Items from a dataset
⟨

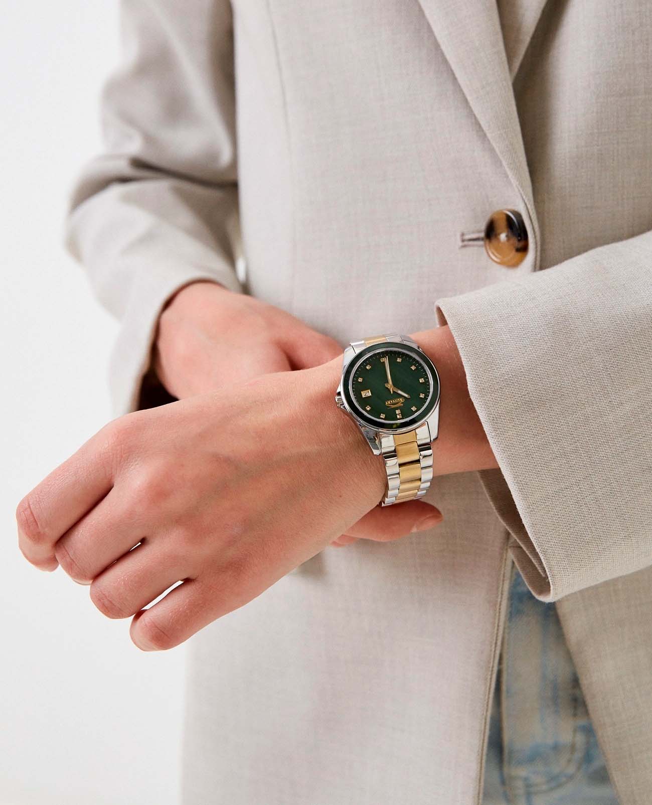 Женские наручные часы Slazenger SL.09.2142.3.03 сочетают в себе элегантный дизайн и надежность современных технологий. Модель обладает корпусом размерами 37 мм, изготовленным из суперметалла, что обеспечивает высокую устойчивость к внешним воздействиям. БезельБезельВнешний ободок, закрепляющий стекло. В спортивных часах так называется поворотное кольцо с делениями на циферблате, выполняет роль таймера – замеряет отрезки времени на шкале. Неподвижный безель – элемент декора. Однонаправленно вращающийся безель на дайверских часах позволяет фиксировать моменты погружения и выныривания на поверхность. с IP-покрытиемIP-покрытиеМетод ионного напыления. Демонстрирует повышенную устойчивость к истиранию, окислению и химическим веществам. Под воздействием высокого давления и температуры около 1500°C молекулы металла надёжно соединяются с частицами корпуса часов.. Браслет из суперметалла с частичным IP-покрытиемIP-покрытиеМетод ионного напыления. Демонстрирует повышенную устойчивость к истиранию, окислению и химическим веществам. Под воздействием высокого давления и температуры около 1500°C молекулы металла надёжно соединяются с частицами корпуса часов. гарантирует комфортное ношение и стильный внешний вид. Циферблат зеленого цвета декорирован кристаллами в виде меток. Для защиты используется минеральное стеклоМинеральное стеклоМинеральное стекло представляет собой искусственно выращенный минерал кварца. Такое стекло отличается особой устойчивостью к повреждениям и царапинам. Уступает по некоторым качествам сапфировому стеклу., обеспечивающее прочную защиту от царапин. Часы работают на кварцевом механизме, поэтому гарантирует точное время без необходимости подзаводки. Модель также оснащена функцией отображения даты, делая ее практичной для повседневного использования. Водонепроницаемость часов достигает 3 атмосфер, что позволяет использовать их при мытье рук или хождении под мелким дождем, однако не рекомендуется для плавания или других водных видов спорта. Вес модели составляет 97 грамм.
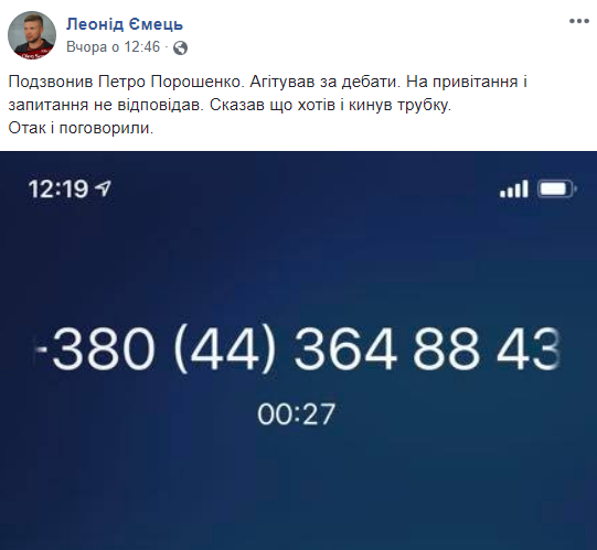 В частности, 19 апреля, "звонок от Порошенко" получил один из аналитиков движения, который не оставлял партии своего номера телефона.
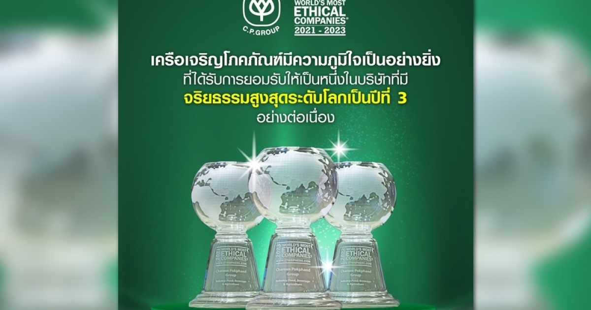 Ethisphere สถาบันชั้นนำระดับโลกด้านการวัดและประเมินมาตรฐานจริยธรรมในการดำเนินธุรกิจ ได้ประกาศผลการพิจารณาบริษัทที่มีจริยธรรมมากที่สุดในโลกประจำปี 2566 (The 2023 World’s Most Ethical Companies) โดยเครือเจริญโภคภัณฑ์ หรือ เครือซีพี ภาคธุรกิจจากประเทศไทยได้รับการพิจารณาติด 1 ใน 135 องค์กรของ 49 กลุ่มอุตสาหกรรม จาก 19 ประเทศที่ได้รับการคัดเลือกให้เป็น “บริษัทที่ดำเนินธุรกิจอย่างมีจริยธรรมมากที่สุดในโลก ประจำปี 2566” ต่อเนื่องเป็นปีที่ 3 ในกลุ่มอุตสาหกรรมอาหารและเครื่องดื่มร่วมกับ 7 บริษัทชั้นนำประกอบด้วย Archer Daniels Midland Company, Brown-Forman Corporation ,Grupo Bimbo, illycaffè, Kellogg Company, PepsiCo Inc. และ The Hershey Company ความสำเร็จดังกล่าวสะท้อนถึงการได้รับการยอมรับและความไว้วางใจจากผู้มีส่วนได้เสียในระดับสากลต่อการเป็นบริษัทที่มีความมุ่งมั่นในการดำเนินธุรกิจด้วยหลักจริยธรรมและความรับผิดชอบพร้อมสร้างคุณค่าเชิงบวกในทุกมิติอย่างครอบคลุมและต่อเนื่อง
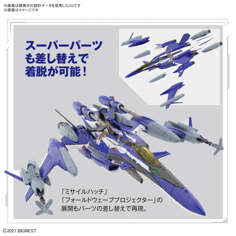 武裝配件除了基本的 GUNPOD、盾牌、戰鬥短刀外,還附上一套新規製作的超級組件再現強化形態,包含導彈艙、FOLD波投影裝置都能藉由替和零件方式再現展開狀態。
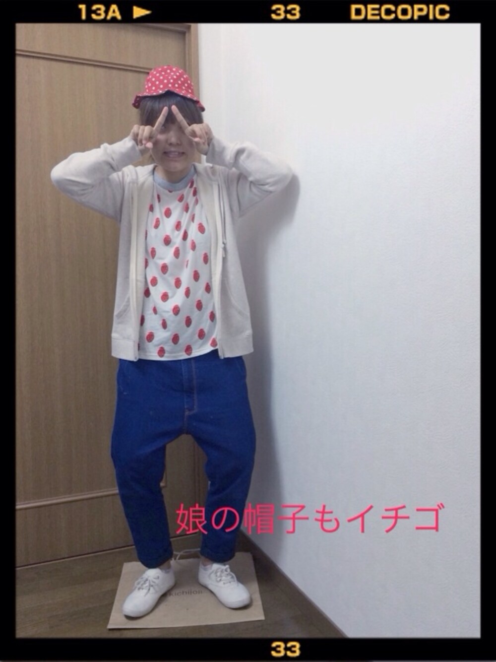 ボトムス○mercibeaucoup, 娘の帽子もイチゴ仕様だったので被ってみました。

⟩

Required work:
The job here is to retype the data exactly, with no pictures included.

Result for this task:
 Женские наручные часы Slazenger SL.09.2142.3.03 сочетают в себе элегантный дизайн и надежность современных технологий. Модель обладает корпусом размерами 37 мм, изготовленным из суперметалла, что обеспечивает высокую устойчивость к внешним воздействиям. БезельБезельВнешний ободок, закрепляющий стекло. В спортивных часах так называется поворотное кольцо с делениями на циферблате, выполняет роль таймера – замеряет отрезки времени на шкале. Неподвижный безель – элемент декора. Однонаправленно вращающийся безель на дайверских часах позволяет фиксировать моменты погружения и выныривания на поверхность. с IP-покрытиемIP-покрытиеМетод ионного напыления. Демонстрирует повышенную устойчивость к истиранию, окислению и химическим веществам. Под воздействием высокого давления и температуры около 1500°C молекулы металла надёжно соединяются с частицами корпуса часов.. Браслет из суперметалла с частичным IP-покрытиемIP-покрытиеМетод ионного напыления. Демонстрирует повышенную устойчивость к истиранию, окислению и химическим веществам. Под воздействием высокого давления и температуры около 1500°C молекулы металла надёжно соединяются с частицами корпуса часов. гарантирует комфортное ношение и стильный внешний вид. Циферблат зеленого цвета декорирован кристаллами в виде меток. Для защиты используется минеральное стеклоМинеральное стеклоМинеральное стекло представляет собой искусственно выращенный минерал кварца. Такое стекло отличается особой устойчивостью к повреждениям и царапинам. Уступает по некоторым качествам сапфировому стеклу., обеспечивающее прочную защиту от царапин. Часы работают на кварцевом механизме, поэтому гарантирует точное время без необходимости подзаводки. Модель также оснащена функцией отображения даты, делая ее практичной для повседневного использования. Водонепроницаемость часов достигает 3 атмосфер, что позволяет использовать их при мытье рук или хождении под мелким дождем, однако не рекомендуется для плавания или других водных видов спорта. Вес модели составляет 97 грамм.
 В частности, 19 апреля, "звонок от Порошенко" получил один из аналитиков движения, который не оставлял партии своего номера телефона.
 Ethisphere สถาบันชั้นนำระดับโลกด้านการวัดและประเมินมาตรฐานจริยธรรมในการดำเนินธุรกิจ ได้ประกาศผลการพิจารณาบริษัทที่มีจริยธรรมมากที่สุดในโลกประจำปี 2566 (The 2023 World’s Most Ethical Companies) โดยเครือเจริญโภคภัณฑ์ หรือ เครือซีพี ภาคธุรกิจจากประเทศไทยได้รับการพิจารณาติด 1 ใน 135 องค์กรของ 49 กลุ่มอุตสาหกรรม จาก 19 ประเทศที่ได้รับการคัดเลือกให้เป็น “บริษัทที่ดำเนินธุรกิจอย่างมีจริยธรรมมากที่สุดในโลก ประจำปี 2566” ต่อเนื่องเป็นปีที่ 3 ในกลุ่มอุตสาหกรรมอาหารและเครื่องดื่มร่วมกับ 7 บริษัทชั้นนำประกอบด้วย Archer Daniels Midland Company, Brown-Forman Corporation ,Grupo Bimbo, illycaffè, Kellogg Company, PepsiCo Inc. และ The Hershey Company ความสำเร็จดังกล่าวสะท้อนถึงการได้รับการยอมรับและความไว้วางใจจากผู้มีส่วนได้เสียในระดับสากลต่อการเป็นบริษัทที่มีความมุ่งมั่นในการดำเนินธุรกิจด้วยหลักจริยธรรมและความรับผิดชอบพร้อมสร้างคุณค่าเชิงบวกในทุกมิติอย่างครอบคลุมและต่อเนื่อง
 武裝配件除了基本的 GUNPOD、盾牌、戰鬥短刀外,還附上一套新規製作的超級組件再現強化形態,包含導彈艙、FOLD波投影裝置都能藉由替和零件方式再現展開狀態。
 ボトムス○mercibeaucoup, 娘の帽子もイチゴ仕様だったので被ってみました。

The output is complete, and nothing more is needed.